[Taxacom] Biodiversity hotspots SE Asia
Michael Heads
michael.heads at yahoo.com
Mon Jun 27 00:34:30 CDT 2011
Hi John,
Hawkins (2010 J Biogeogr) showed arborescent plant families most diverse in Malesia (Malaysia/Indonesia/Philippines/New Guinea), also Panama/Costa Rica (bit hard to read his color-coded map).

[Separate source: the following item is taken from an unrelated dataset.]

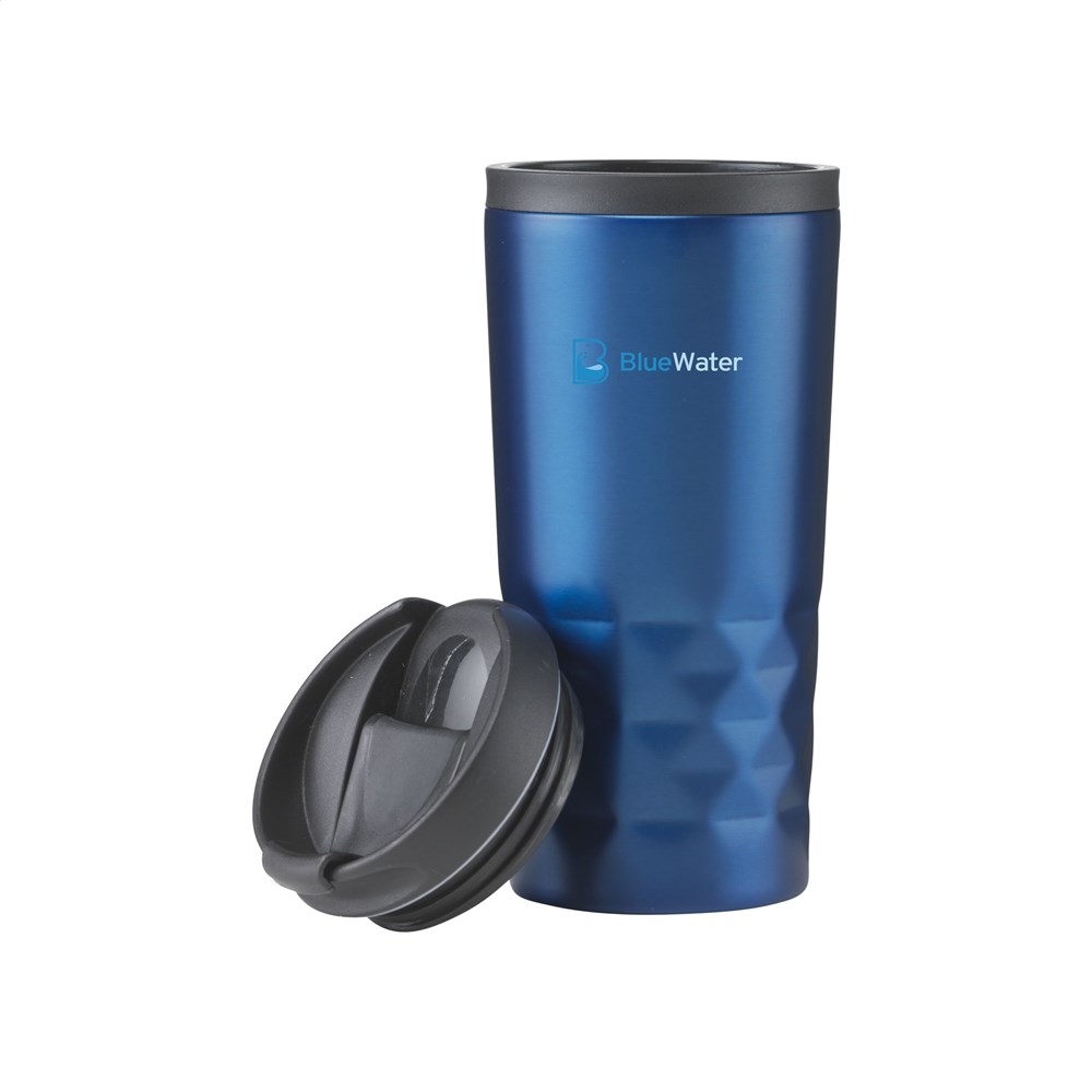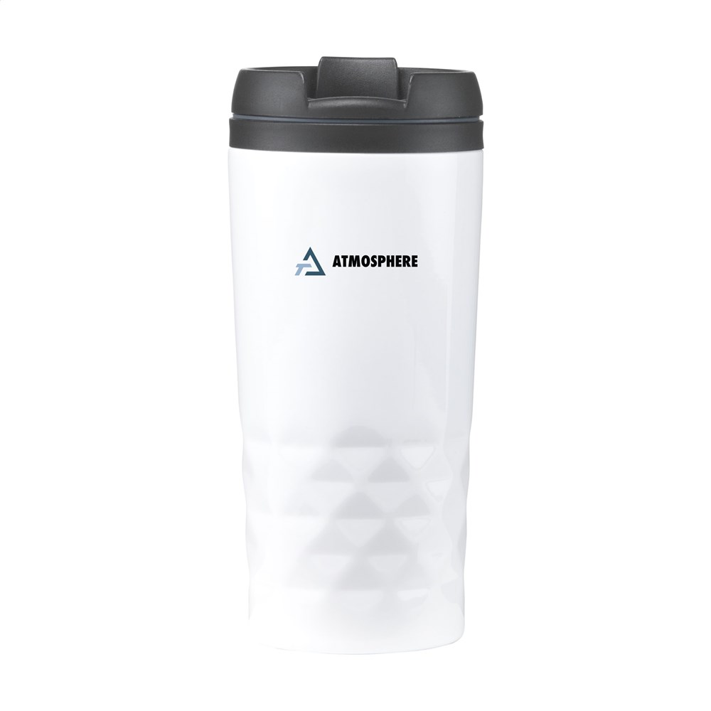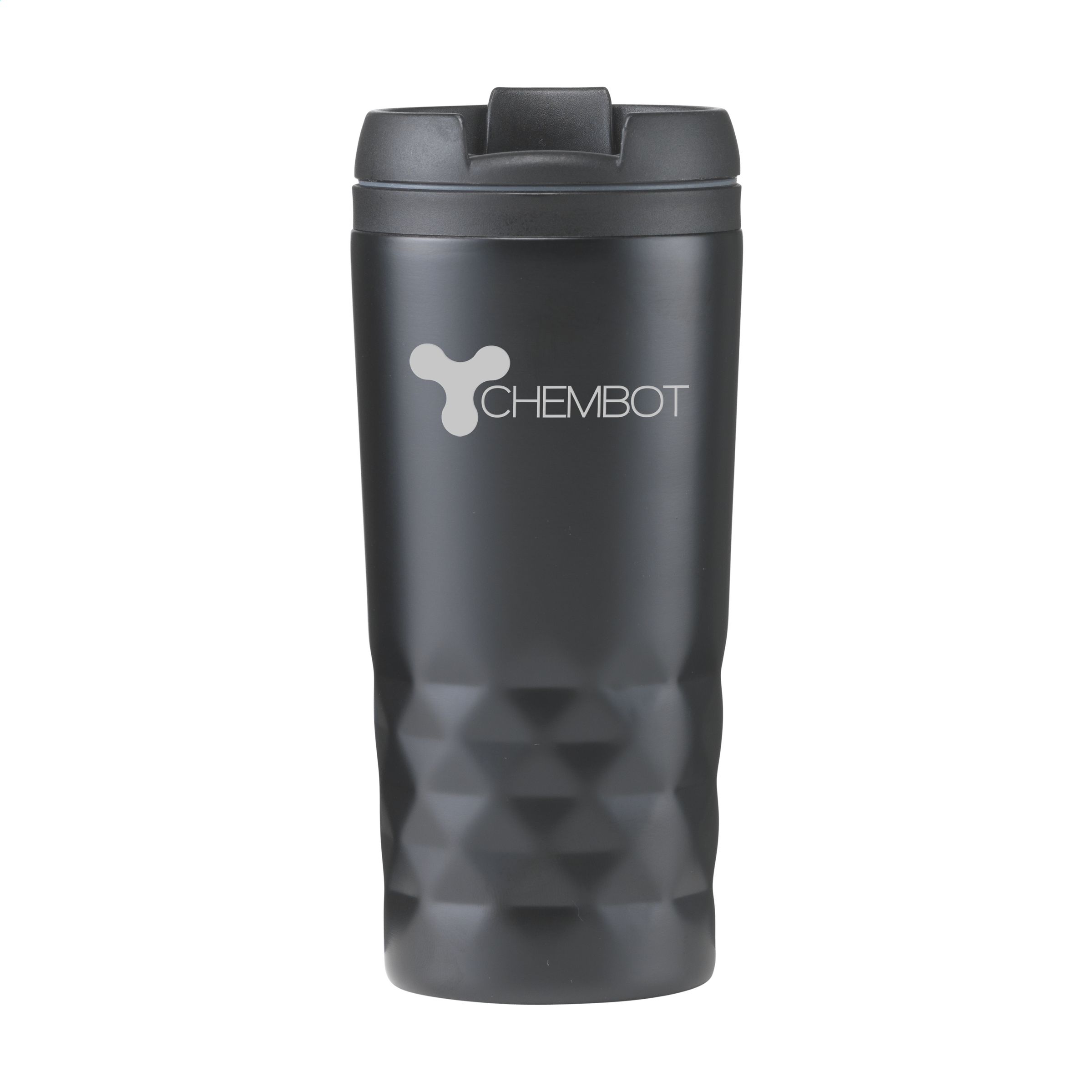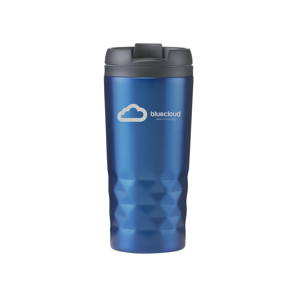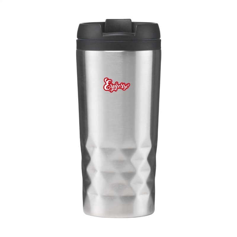 Dubbelwandige, lekvrije, RVS thermosbeker met schroefdeksel en klikopening -kan eenmaal geopend worden vastgeklikt-. Met opvallend 3D-geometrisch diamantpatroon in de houder. Slipvaste onderzijde. Inhoud 300 ml. Per stuk in doos.
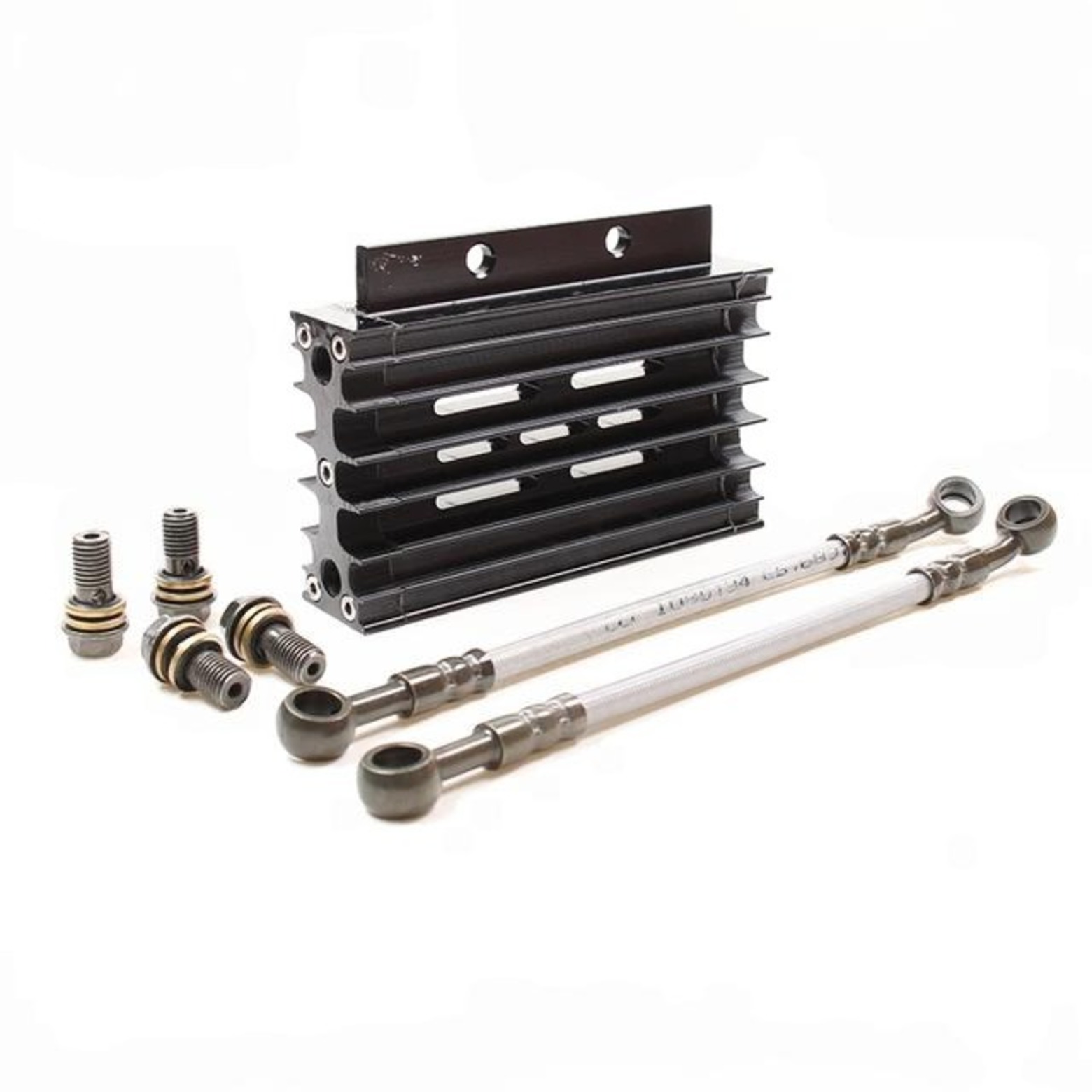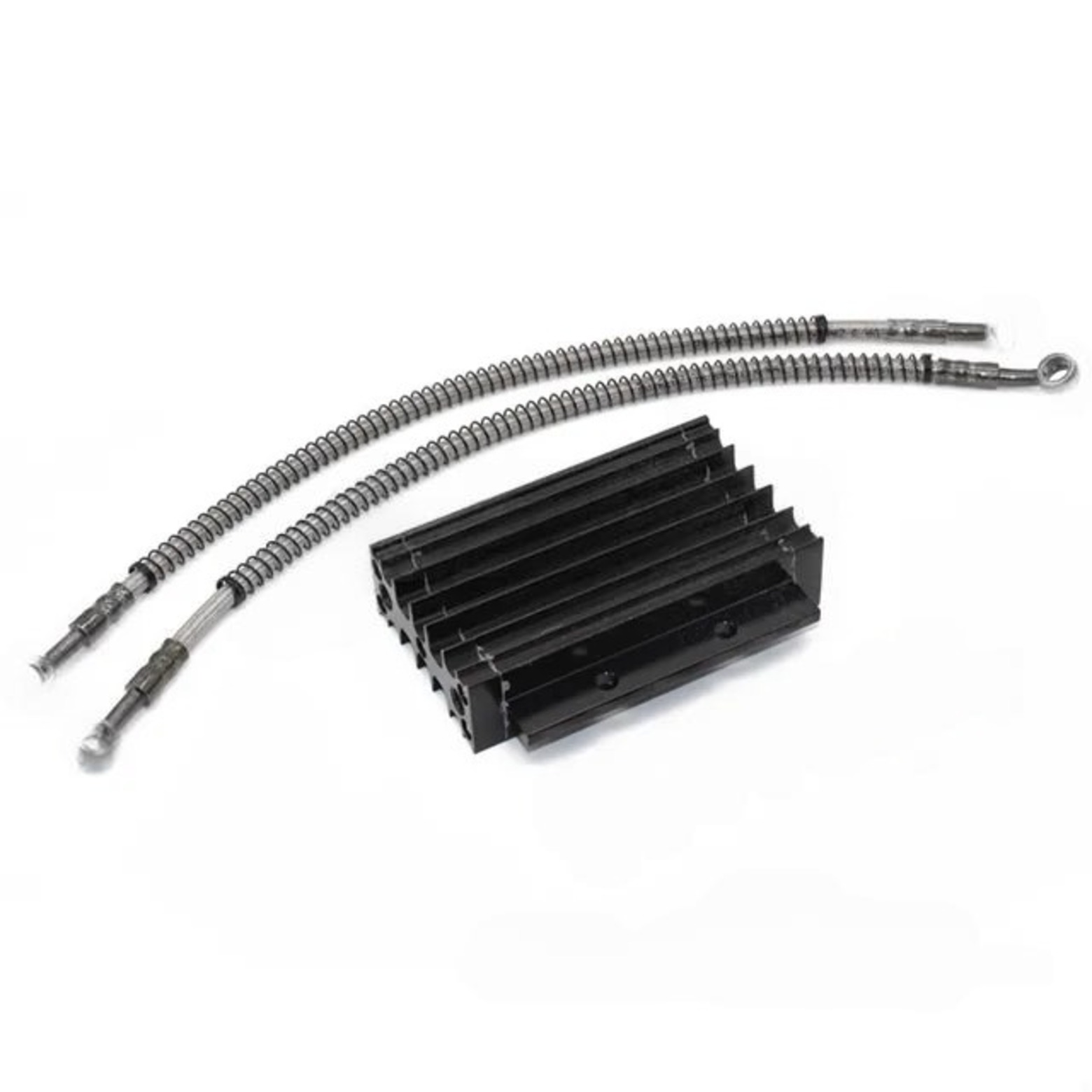 Высококачественный комплект радиатора масляного охлаждения с корпусом из прочного CNC-обработанного алюминия в стильном чёрном анодированном цвете. Разработан для установки на 90% питбайков и мопедов с объёмом двигателя от 125 до 190 см³. Обеспечивает эффективное охлаждение масла, защищая двигатель от перегрева и увеличивая его ресурс, особенно при повышенных нагрузках.

An example of a widespread Old World group with its highest species diversity in Sulawesi is Macaca.
That's not much I'm afraid - it seems Sulawesi biogeography is overdue for a review paper.
Michael Heads
Wellington, New Zealand.
My papers on biogeography are at: http://tiny.cc/RiUE0
--- On Mon, 27/6/11, John Grehan <jgrehan at sciencebuff.org> wrote:
From: John Grehan <jgrehan at sciencebuff.org>
Subject: [Taxacom] Biodiversity hotspots SE Asia
To: taxacom at mailman.nhm.ku.edu
Received: Monday, 27 June, 2011, 4:39 AM
Can anyone direct me to one or more recent papers that identify global
centers of biodiversity? I recall there were one or two papers (maybe in
Nature or Science) that did this with some color coded maps. I am
interested to see if the region of South East Asia, particularly the
region of the Lesser Sunda and Celebes showed up in any particular way.
I could probably track (and no bad pun unintended) this down next week,
but it would be helpful to me to find these articles as soon as possible
for possible citation purposes and I am assuming that some on this list
probably keep apace with global biodiversity overviews.